White House Counsel Ed Gillespie, in a blistering e-mail to the network, asked "NBC Nightly News" and "The Today Show" to air Bush's compete answer to a question about his Iran policy, instead of what Gillespie called "the deceptively edited version of the president's answer" that ran on the two shows.
The complete answer, Gillespie said, demonstrated that Bush's remarks before the Israeli parliament about Iran didn't differ from previous policy statement and restated the United States position against negotiating with al-Qaida, Hezbollah and Hamas, and not allowing Iran to obtain a nuclear weapon, among other things.
"NBC's selective editing of the president's response is clearly intended to give viewers the impression that he agreed with (the interviewer's) characterization of his remarks when he explicitly challenged it," the e-mail said.
"This deceitful editing to further a media-manufactured storyline is utterly misleading and irresponsible and I hereby request in the interest of fairness and accuracy that the network air the president's responses to both initial questions in full on the two programs that used the excerpts," Gillespie said.
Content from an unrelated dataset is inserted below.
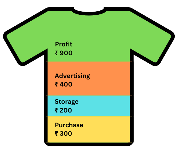 The cost price of the shirt includes the cost of the cloth and other materials, the worker’s wages, the cost of running the office, cost of storage and advertisement. (Rs 300+ Rs 200+ Rs 400 = Rs 900)

NBC issued a statement Monday pointing out that the Bush interview "has been available, unedited, in its entirety, for the past day" on the network's Web site.
"Our reporting accurately reflects the interview," the statement said. "Just as the White House does not participate in the editorial process at the Washington Post, the Wall Street Journal or USA Today, NBC News, as part of a free press in a free society, makes its own editorial decisions."